When I looked at OoO predication I came to the conclusion that, while at an
ISA level a predicate-FALSE instructions are considered NOPs, at the uArch
level "canceled" instructions can still have housekeeping to perform.
All uOps are marked "Enabled" and "Disabled" by the predicate instruction,
and each uOp has two sets of OnEnable and OnDisable actions.
The OnEnable actions is the normal instruction operations.
OnDisable actions might be as simple as marking the Instruction Queue
entry as "Done" or more complicated such as propagating an old value
or recovering allocated uOp resources such as LSQ entries.
The situations where an instruction could really be canceled
was if the predicate value was already resolved at Dispatch
(hand-off from in-order front end to OoO back end) where the
Dispatcher could sometimes optimize the uOp to being a NOP if,
for example, it did not have a dest register, like a ST.
In that case Dispatcher could insert a NOP marked Done into IQ.
It seems to me similar rules would apply would apply for in-order
pipelines even if uOp OnDisable action just diddles the scoreboard.
Dynamically grouping their threads into OnEnable and OnDisable action sets
would optimize the FU utilization for enabled instructions as single
uOps wouldn't have a mixture of Onxxx actions in different lanes.
Disabled uOp sets can bypass the calculation unit altogether
leaving it free for actual calculations.
> So, my basic plan is that all instructions in the loop are inserted, then
> as various flow control decisions are made, instruction selection is
> performed by predication (not by branching).
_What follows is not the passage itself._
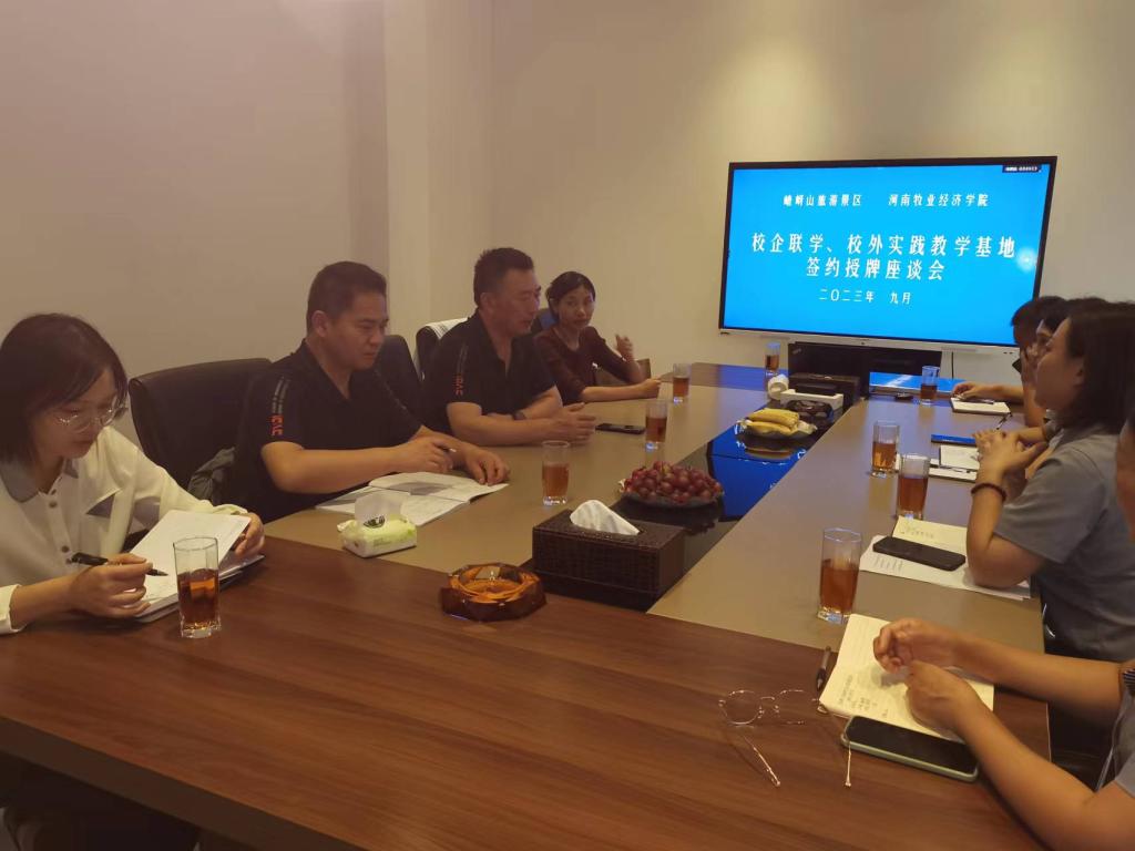 为贯彻落实学校“双百”工程建设的相关精神,凸显专业服务区域经济发展、服务行业企业的办学理念,拓展学生就业渠道,强化学院社会服务品牌,9月20日,beat365英国官方网站书记权太举、副书记李特、副院长陈道山、旅游管理教研室主任甄莎博士及祁真老师一行五人赴驻马店市遂平县嵖岈山景区开展技术指导及洽谈校企合作事宜。嵖岈山景区总经理助理王亚、项目运营部经理王东民、人事负责人陈欢欢、行政负责人昝亚琴等相关部门负责人参加了座谈与交流。

The instructions are already
> there, they just need to be turned on and off on a per iteration basis.
> But secondarily, each lane gets its own ALU+FPU (FCU) so it can compute
> what is required without needing to know what its neighbors are doing.
All of their dynamic packing and/or lane shuffling does assume that
there is a hardware advantage to having 8 lane SIMD calculation units
as opposed to 8 independent FP units.
Though the LSQ would still gain from packing multiple operations into
a single large one so it still might have some isolated lane shuffling.
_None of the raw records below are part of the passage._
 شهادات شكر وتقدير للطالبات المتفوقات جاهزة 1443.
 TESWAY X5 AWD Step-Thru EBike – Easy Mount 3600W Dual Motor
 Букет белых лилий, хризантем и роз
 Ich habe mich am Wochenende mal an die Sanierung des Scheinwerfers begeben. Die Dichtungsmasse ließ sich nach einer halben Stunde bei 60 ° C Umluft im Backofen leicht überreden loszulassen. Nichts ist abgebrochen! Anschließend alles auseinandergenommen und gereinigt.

>> It needs a wide wake-up matrix that indicate to up to 8 dependents
>> and 8 register write ports which result lane to pull their result from.
> Big fast wide stuff does need a lot of register ports (or at least the
> forwarding). AND while you can increase the read ports by duplication,
> you cannot with the write ports.
>> Just speculating... the Nvidia SER looks like it might be scheduling
>> and shuffling threads between calculation lanes in a similar manner,
>> and possibly deals with similar issues for result forwarding/writeback.
> Basically, what you are "getting at" is that this kind of reshuffling adds
> latency to the data flow. The observation is correct.
Yes, I was actually thinking of forwarding as a potential critical
path if they want to be able to launch back-to-back executes.
Adding muxes into that path could might cause "issues".
If they don't do back-to-back executes, maybe it is like a
barrel processor between warps, it might not be an issue.
All that dynamic lane shuffling presupposes that the savings in gates
for an 8 lane SIMD unit is worth the shuffle cost to keep all lanes
busy vs having 8 independent FP64 and 8 ALU units.
With 78 billion transistors, having 8 full FP64 units per shader
seems unlikely to break the gate budget but might the power budget.